Serverless Smells - Think FaaS Podcast

Developing an intuition for serverless designs that just don't feel quite right.
Forrest Brazeal Trek10 191210 171202
Forrest Brazeal | Jun 17 2019

Mon, 17 Jun 2019

subscribe on google play subscribe on apple podcasts

Transcript

Hi, it’s Forrest Brazeal with Trek10, and you’re listening to Think FaaS, where we learn about the world of serverless computing in less time than it takes to run a Lambda function. So put fifteen minutes on the clock — it’s time to Think FaaS.

There are lots of ways to assemble an architecture using serverless building blocks, just like you can make just about anything out of a pile of Lego bricks. The problem is that if you want to make a sturdy house, probably not too many combinations of those bricks will work. One of the big challenges that I see in serverless is sifting through all the possible architectures to settle on a good solution.

Let’s suppose that you want to build an API that returns responses synchronously to your users. But that API call also needs to launch an asynchronous process that hits some third-party service, and then notify your user later via a callback. This is such a common pattern that I’ve encountered some form of it literally three different times in the past two weeks. And yet there are so many ways you could do this. Will your API be REST or GraphQL? Will you use some sort of queue to buffer the third-party calls? If so, how will you keep from overwhelming your downstream system? Will you set timers on your queue messages, and how will you keep track of how long those timers should be? Do you need DynamoDB involved somewhere?
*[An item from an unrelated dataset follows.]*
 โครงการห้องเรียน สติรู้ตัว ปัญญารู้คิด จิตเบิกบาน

There are probably five ways to build this reasonably well and fifty ways to build it kind of wrong. And you may not know which path you’ve chosen until you’re relatively far along.
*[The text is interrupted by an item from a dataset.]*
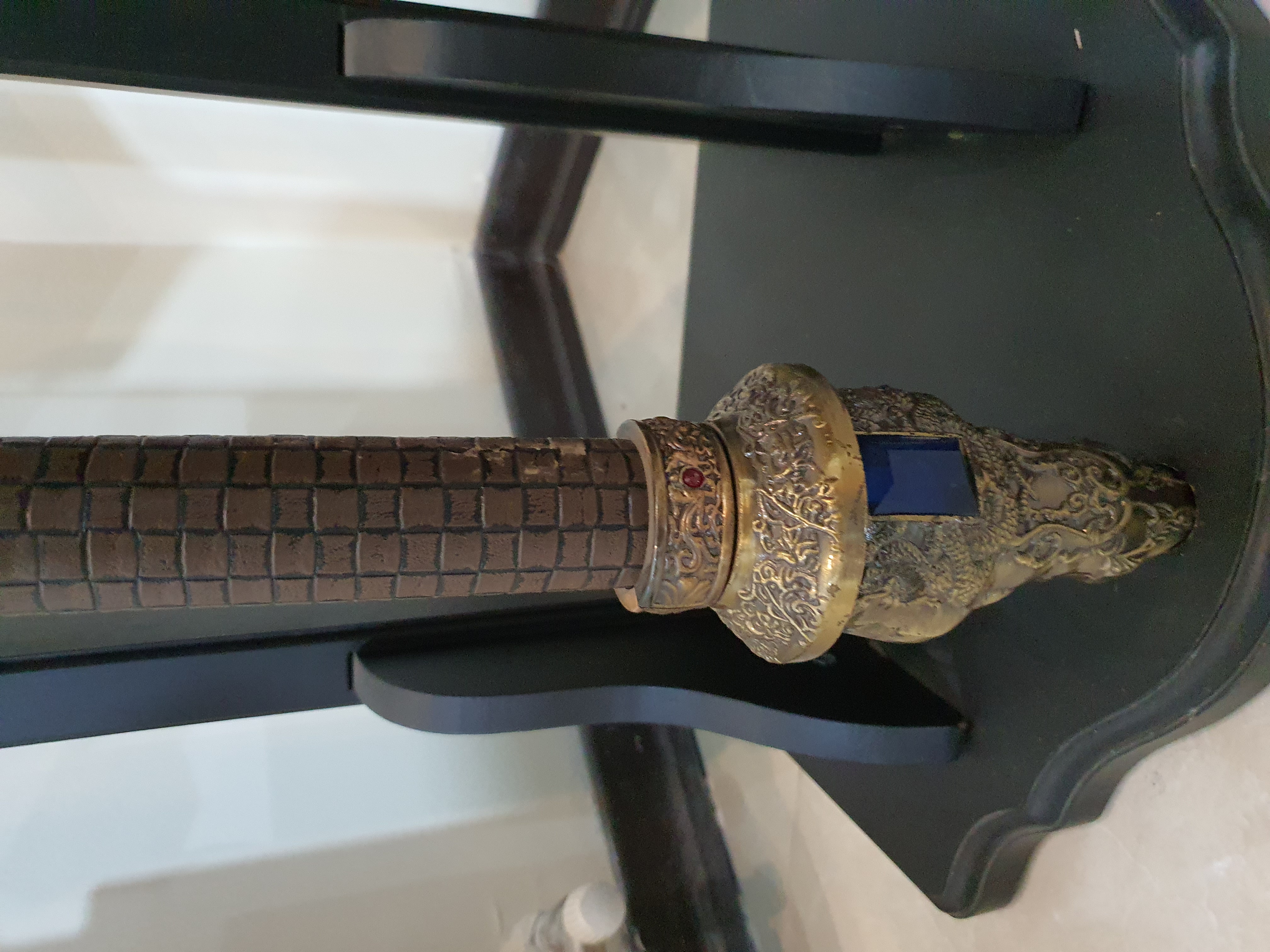 متاسفانه این کالا در حال حاضر موجود نیست. میتوانید از طریق لیست بالای صفحه، از محصولات مشابه این کالا دیدن نمایید.زوبین غول پیکر به ارتفاع ۲ متر با تیغه فولادی با دسته تزیین شده با سنگهای قیمتی

So today, we’re going to talk about detecting serverless smells. What are the warning signs you can look for to develop an intuition about architectural or development choices that are not going to work well long-term? As usual we’ll scope our discussion around AWS, but hopefully this will generalize to other clouds as well.

I’m going to try to avoid using the word “antipattern”, because this space simply hasn’t been around enough yet to codify whether a lot of things are absolutely bad ideas, particularly given that so many people are on a journey of serverless adoption that requires extensive refactoring. So the smells we identify below may in fact be valid stopping points as you progress, but I want to call out why they may have problems and what direction we should be moving towards.

In order to identify smells, the first thing we need is a sense of what a good serverless architecture looks like. What are the design goals you are striving for?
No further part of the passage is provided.